Her plan outlined five “possible areas of reform.” According to her report, those are:
1. Raising the retirement age: Setting the retirement age at 67 would cut the unfunded liability by about $700 million.
2. Accrual rate: Reducing the accrual rate to one percent for future service would reduce the state’s yearly contribution by about 7 percent of the employee’s salary.
3. Suspending COLAs: Hypothetically, the suspension of all cost of living adjustments for all active and retired employees would reduce the unfunded liability by about $1 billion.
4. Hybrid plans and portability: Adding defined contribution plans to the benefit package would offer employees an additional source of retirement income.
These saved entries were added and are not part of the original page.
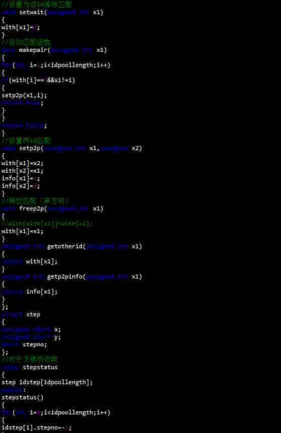 p2p类:它的作用是用来匹配玩家的。当有用户端申请进行游戏时,服务器会先调用makepair函数来寻觅可以进行匹配的另一个玩家,假如找到了合适的玩家,接下来就会调用setp2p简历这两个玩家有对局关系。假如没有匹配到,则会调用setwait等待其余的客户进行匹配。该类使用的数据结构为简单的hash映射。
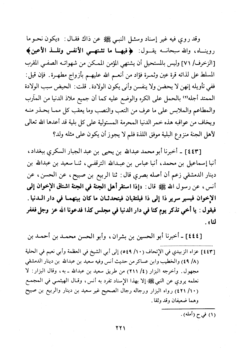 443 - (399) أَخْبَرَنَا أَبُو مُحَمَّدٍ عَبْدُ اللَّهِ بْنُ يَحْيَى بْنِ عَبْدِ الْجَبَّارِ السُّكَّرِيُّ، بِبَغْدَادَ، أَنْبَأَ إِسْمَاعِيلُ بْنُ مُحَمَّدٍ، أَنْبَأَ عَبَّاسُ بْنُ عَبْدِ اللَّهِ التَّرْقُفِيُّ، ثنا سَعِيدُ بْنُ عَبْدِ اللَّهِ بْنِ دِينَارِ الدِّمَشْقِيُّ، زَعَمَ أَنَّ أَصْلَهُ بَصْرِيٌّ، قَالَ: ثنا الرَّبِيعُ بْنُ صُبَيْحٍ، عَنِ الْحَسَنِ، عَنْ أَنَسٍ، عَنْ رَسُولِ اللَّهِ صَلَّى اللهُ عَلَيْهِ وَسَلَّمَ قَالَ: " إِذَا اسْتَقَرَّ أَهْلُ الْجَنَّةِ فِي الْجَنَّةِ اشْتَاقَ الْإِخْوَانُ إِلَى الْإِخْوَانِ، فَيَسِيرُ سَرِيرُ ذَا إِلَى ذَا فَيَلْتَقِيَانِ، فَيَتَحَدَّثَانِ مَا كَانَ بَيْنَهُمَا فِي دَارِ الدُّنْيَا، فَيَقُولُ: يَا أَخِي تَذْكُرُ يَوْمَ كُنَّا فِي دَارِ الدُّنْيَا، فِي مَجْلِسِ كَذَا، فَدَعَوْنَا اللَّهَ عَزَّ وَجَلَّ فَغَفَرَ لَنَا "
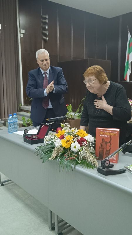 Доц. Мария Тодорова с плакет на Община Сливен при представянето на Алманах II „Ние, медиците“

5. Other options include “anti-spiking provisions” to prevent high increases in pension levels at the end of one’s career and re-amortizing the pension debt.
The comprehensive report detailed how the state got itself into this mess, outlined how the pension crisis would affect state services, and tax rates, and pointed to how reform should proceed.
Raimondo said she would convene a group of experts to advise her on pension reform. Later this year, she said she plans on releasing a report with recommended reforms to the Governor and the General Assembly.